Hacivat adamlar zülfikar kemiğiyle lades tutuşurdu
denize kusarlardı; yosun tutuşur, karides tutuşurdu
elele tutuşurduk, kimse susmazdı, susmak olmazdı
İstanbul'da bir asit şişesi kırılırdı
bir çocuk kapıyı açıp laciverde girerdi
dudaklarından öperdim, başım derde girerdi
ve bir ayna şarkı söylemeye başlardı olduğu yerde
örneğin Sarıyer'de: bir börekçi aniden küçümsenirdi
çay bardaklarıyla asya'nın en eski haritası çizilirdi
seni düşlerdik tüm belleğimizle
acı çizilirdi, et çizilirdi, kafatası çizilirdi!

Sen ise
gençliğini, hep çocukluğunu düşürmüşsün
diyelim gece, diyelim alelacele yalnızsın
diyelim ki oturup beni düşünmüşsün
ağlamışsın gride biraz siyah, biraz beyaz arar gibi
yeşilde mavi yok oysa, sarı hiç yok!
beni düşünmüşsün saçlarını akordeonlarla tarar gibi
küçücük bir delikanlı gibi
küçük bir yaradaki büyük bir kabuk gibi
büyük bir yaradaki küçük bir kabuk gibi
kanar gibi, kanatır gibi, birlikte kanar gibi beni düşünmüşsün!

Ecel olur gelirim sana artık adressiz bir zarf gibi
zarfı yalayıp kapatırken dudaklarımı kağıtla keser gibi
çünkü ben orda celladım, biraz katil
seri haldeyim sana, paralel haldeyim
bütün suçlar üstüme yıkıldı, hataların altında kaldım
hayatım hayatına düşüp patlamayan
hayali bir bomba gibi!

Buraya kadar laf olsun diye yazılmış bir blog izlenimi verdiğinin farkındayım.
Güncelerimi yayımlamak gibi bir niyetim olmamıştı daha önce ama postmodern mahremiyetin bir parçasıyım artık. Alışmaya çalışıyorum. Yabancılık çekmemek için yazının devamında birine sarmalı.

Ah be iskender,
sana küfür mü etsem teşekkür mü?
Beni en iyi sen anlarmışsın gibime geliyor; sana ait geometrik şeklin yansıması farklı olsa da, bakış açılarımız aynı.
İnsanlığın birbiriyle anlaşabilme yolunda basite indirgenmiş bir lugat yaratmış olmamız bile beşeri münasebetlerdeki başarısızlıkları ortadan kaldırmaya yetecek kadar açıklayıcı ve öz değil, kısa olmalarının yanında...
“Teşekkür ederim.” ve buna eklenmiş birkaç kelimeden öte tepki yok, ama lanet okuma, küfretme, olumsuz tepkiler verme konusunda ansiklopedi dolduracak kadar argümanımız var.

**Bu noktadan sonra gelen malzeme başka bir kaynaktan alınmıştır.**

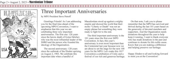 – Бе даден мандат на МПО „Пирин“ – Чикаго и на неговия председател Красимир Костов за проучване на възможностите за дигитализация на архива на МПО от Музея на организацията, който се намира във Форт Уейн, Индиана. Там е и архивът на в. „Македонска трибуна“. Дигилитазията трябва да стане на високо технологично ниво. Проучването се отнася и за финансовата рамка за извършване на дигитализацията.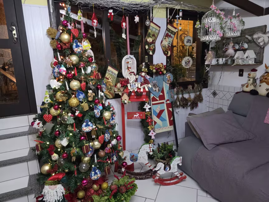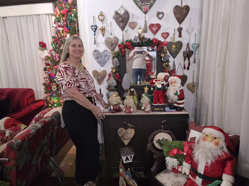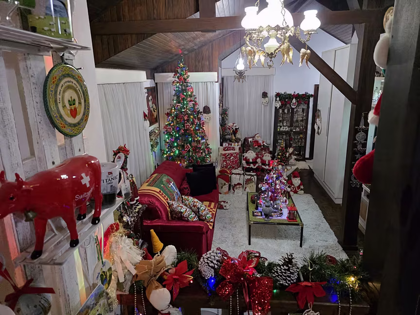 É nesse cenário que ganha protagonismo a moradora Luciana Maria Baron Gamba, responsável por transformar cada cômodo em expressão viva do Natal.

Bugün başlamış olmak bu kağıt hışırtısından yoksun, ctrl alt ve enter saydamlığındaki camın yüzüme vuran beyaz ışığında; günü gününe değilse de mühim hikayelerin yer edeceği bir bilinçaltı yolu, yukarı blog mahallesi sürgünü olarak bu işe bulaşmış olmaktan mutluyum.

Tarih de pek bir anlamlı bugün. Ocak 18, Martin Luther King değerinde ve 10 ay sonrasında aynı günü paylaşıyor olmamıza moronca sevinmem; kendisinin Michael Jackson'dan sonra en çok tanışmayı istediğim kişi olmasındandır. Tabi asıl tarihin ocak ayının üçüncü pazarı kapsamında 18 rakamıyla ilintili olmayan bir gün olması, her zaman benim doğduğum güne denk gelmeyeceği anlamına gelir ki, bu da içime su serpmiştir. (kandırma kuvveti. bkz. inandırıcılık ölçü birimi.)

Olsun. I still have a dream.

"Yayınla" diyecektim ki, belki de iyi bir final için american history x' deki derek'in öğüdünü tutmak ve yazıyı alıntı ile bitirmek gerekir; "çünkü sizden önce birisi mutlaka daha iyisini söylemiştir."